Wheel and rail profiles have significant impacts on the vehicle system dynamics. Improper wheel and rail profiles lead to the decay of vehicle dynamics performance, hunting instability and derailment. In this study, we propose a model, stacking feature deep forest, to determine the limit wheel profile for hunting instability using wheel/rail geometric contact parameters. We calculate the critical speed of the vehicles under various wheel and rail profiles and record their wheel/rail geometric contact parameters as samples. Two experiments are conducted. One is the binary classification aiming to identify whether the wheel/rail geometric contact parameters guarantee the vehicle’s critical speed is higher than the threshold of its operational speed. The other is the multi-classification to determine the interval of the critical speed.

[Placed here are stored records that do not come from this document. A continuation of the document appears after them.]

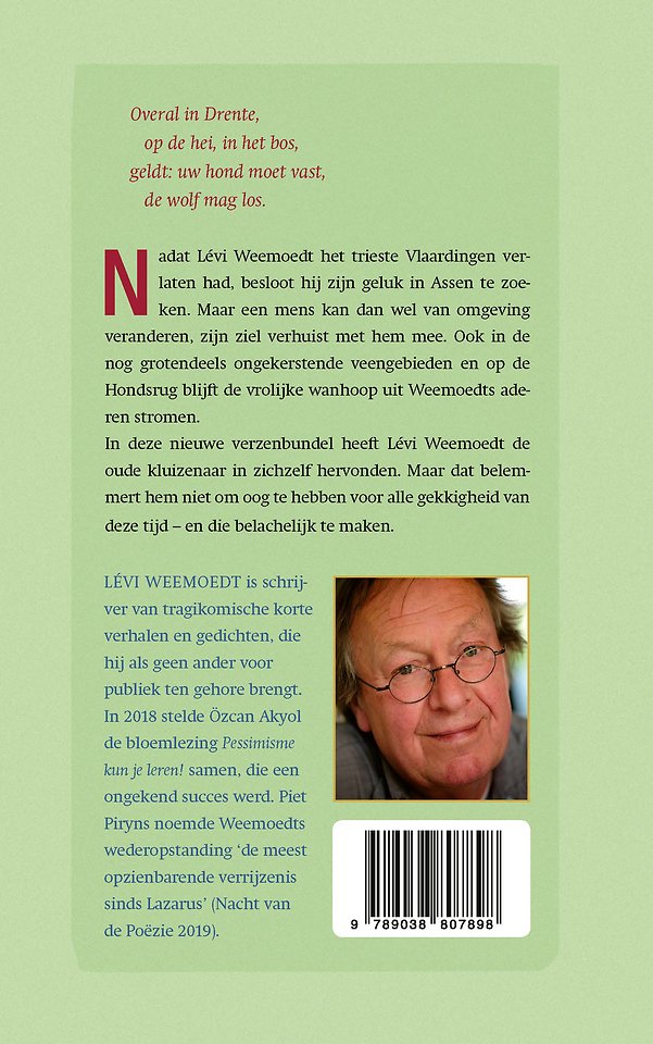 In deze nieuwe verzenbundel heeft Lévi Weemoedt de oude kluizenaar in zichzelf hervonden. Maar dat belemmert hem niet om oog te hebben voor alle gekkigheid van deze tijd – en die belachelijk te maken.
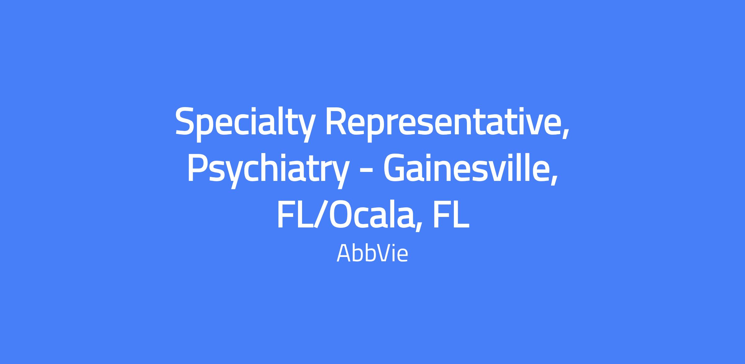 Field-based Psychiatry Specialty Representative serving Gainesville, FL and Ocala, FL. Execute brand strategy and tactics in the field, drive sales performance, and manage an assigned territory and targeted accounts. Build strong customer relationships and address customer needs to maximize short- and long-term sales while operating within AbbVie’s code of conduct and all applicable laws. Candidates must live within a reasonable distance from the primary city, and compensation will reflect experience.
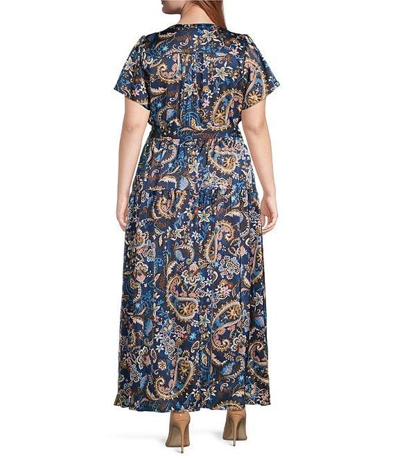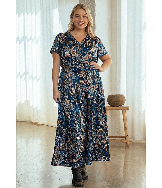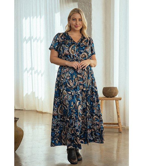 Skies Are Blue Plus Size Paisley Printed Short Sleeve Long Dress
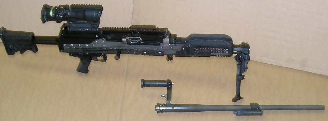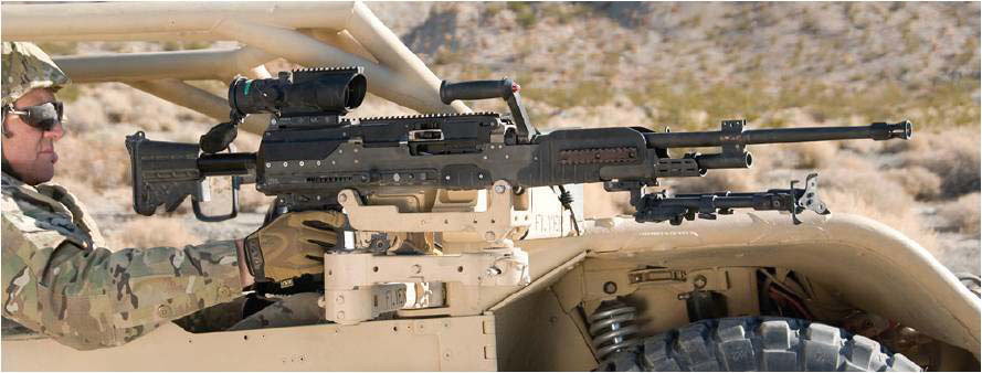 不过在通用动力的宣传上,LWMMG倒是相当美好的:一个M240B机枪小组的射手携带机枪和100发弹(37磅),副射手背M192三脚架、后备枪管和300发弹(37磅),弹药手带400发弹(27磅),共负荷101磅;一个LWMMG的机枪小组的射手携带机枪和100发弹(40磅),副射手背M192三脚架、后备枪管和200发弹(41磅),弹药手带300发弹(36磅),共负荷117磅;而一个M2HB机枪小组携带一挺机枪、M3三脚架、后备枪管和500发弹,全重约300磅,还需要一辆悍马车。
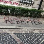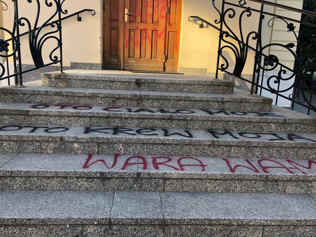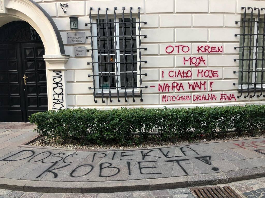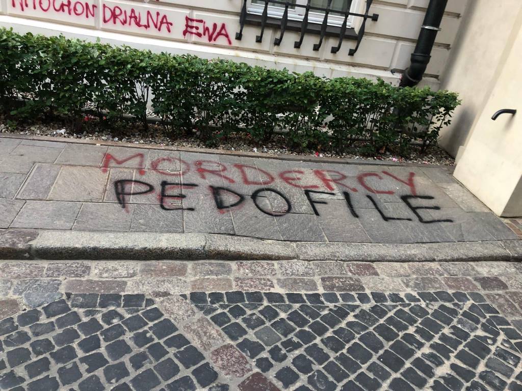 „Mordercy kobiet”. Ktoś pomazał budynek kurii Warszawsko-Praskiej i parafię na Starym Mieście. Turyści robią zdjęcia
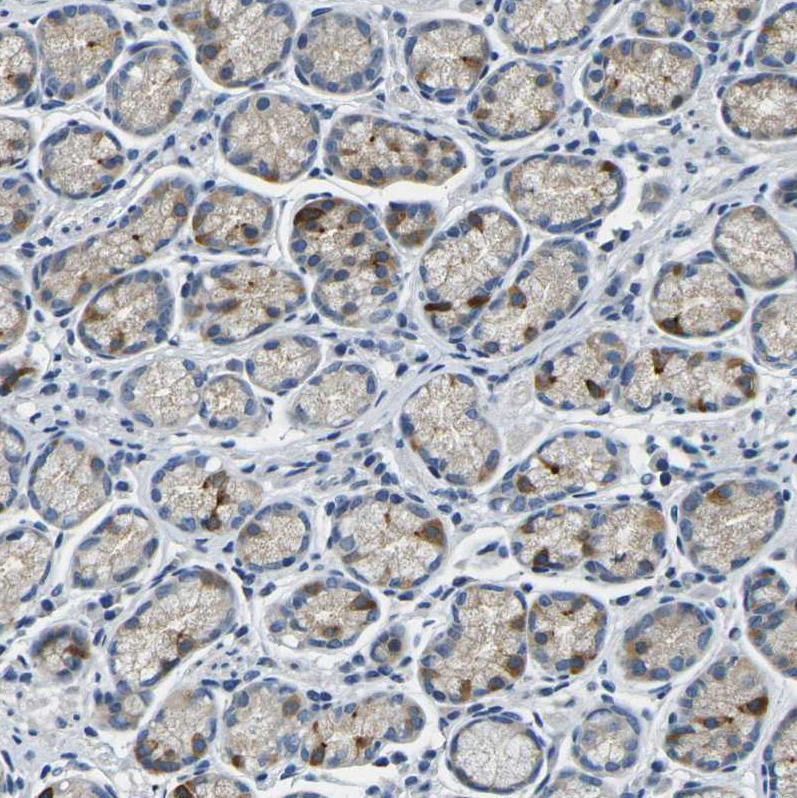 Immunohistochemical staining of human pancreas shows strong cytoplasmic positivity in islets of Langerhans.

The results show the stacking feature deep forest achieves an accuracy of 85.10% on the test set which is higher than other popular ensemble models. However, all models’ accuracy is lower than 70% in multi-classification. The Shapley additive explanations are utilized to enhance the explainability of the stacking feature deep forest. The Shapley additive explanation importance reveals that the equivalent conicity of 1 mm has the most impact on hunting. Its importance is 1.32 times more than the equivalent conicity of 3 mm. Nevertheless, the equivalent conicity of 3 mm is nearly positively correlated to the hunting probability and this characteristic is suitable as a qualitative criterion.